The Lodge: 1970 - 1979

Membership remained constant during the first half of the decade but started to sink slowly in the second half reaching 68 by 1980. Only 12 new candidates were attracted and the rate of admission was showing signs of slowing to one per year (although there were 2 candidates each in three of the years). Only one Joining member was enrolled during the period. Coupled with the slowing of new entrants, loss of members also began to accelerate. Part of this was sadly due to the deaths of many of the older long-standing members, but there were also 5 or 6 exclusions as efforts to attract back into the fold members in arrears of subscription (some 3 years in arrears) proved fruitless. Whilst a membership of 68 was quite reasonable the difficulty of recruiting new members was becoming more apparent. Attendances at meetings also began to drop. The Installation attendances dropped after 1972 down into double figures, recording a "low" of 59 in May 1978. Attendance at regular meetings dropped to an average in the low thirties with something approaching a 25% drop in members and visitors attending. The Golden Jubilee meeting in April 1977 brought a "one-off" high turnout of 71 (including 45 members) but it was clear that interest in the Lodge was much less than had been enjoyed in the preceding 20 years. Even the hosting of the Federation of School Lodges' Festival the following year only attracted the attendance of 35 members.

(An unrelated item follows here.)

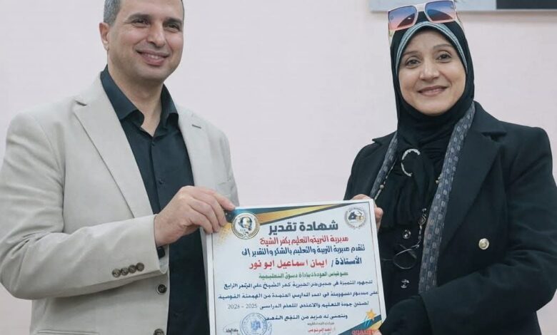 نظرا لاجادة إدارة الجودة بمديرية التعليم بكفر الشيخ قام الدكتور علاء جوده، وكيل وزارة التعليم بكفر الشيخ بتكريم إدارة الجودة بالإدارات التعليمية وذلك لتقديم الشكر لهم على ما بذلوه من جهد مميز ومتابعة ميدانية دؤوبة نتج عنها الحصول على المركز الرابع علي مستوي الجمهورية في عدد المدارس المعتمدة للعام الدراسي 2024. 2025 بعدد 71 مدرسة وكذلك إنجاز خطة التقدم الإعتماد للفصل الدراسي الأول للعام الحالي 2025. 2026 بإجمالي 46 مدرسة خلال الفصل الدراسي الأول بنسبة 100 ٪ وفي انتظار نتيجة الاعتماد.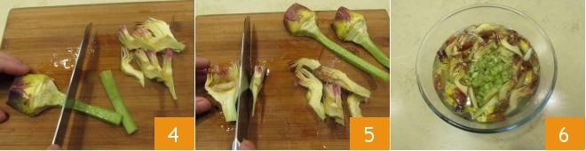 Puis retirez la partie la plus externe de la tige avec un économe et coupez la tige en petits morceaux 4 et le cœur d'artichauts en tranches 5. Conservez les morceaux d'artichauts dans l'eau acidulée 6.

With the death of Bob Greenop in 1973 the Lodge lost its last Honorary member at that time. In 1976 the Lodge also experienced its first (and fortunately only) instance of a candidate being Initiated but resigning immediately. There have of course been a few occasions where candidates have pulled out before taking their First Degree. With five meetings a year in addition to the Installation this inevitably meant that at least 2 of those meetings would not take the form of Degree ceremonies so alternative agenda items would be needed.     

The decade was to see a steady rise in costs of membership and dining. Grand Lodge and Provincial Grand Lodge dues and of course the ever-increasing cost of meeting at Denne Road were largely the cause for the increasing costs. Part of the increase was also the result of decimalisation (in 1971) when prices for everything suddenly rose, being disguised as "the inevitable process of adjustment to the new currency" and part the result of ever increasing salary costs in the period. The introduction of VAT further increased many costs. Other costs such as printing costs, postage costs, costs for meals for official guests etc were also fast increasing. To reduce printing costs the Lodge ceased printing of the AnnualAccounts (duplicating them instead), reduced Summonses to single sheet publications and cut out or reduced Toastlists. Dining in 1970 cost 18s/6d in "old" money, reaching £1 in 1972 but by the close of the decade had risen to £3 per head in "new" money". One attempt to reduce dining costs at the Installation was the introduction of a "cold" main course. Subscriptions similarly had started at £6.0s.0d in 1970 and climbed to £14 in the new currency by 1979.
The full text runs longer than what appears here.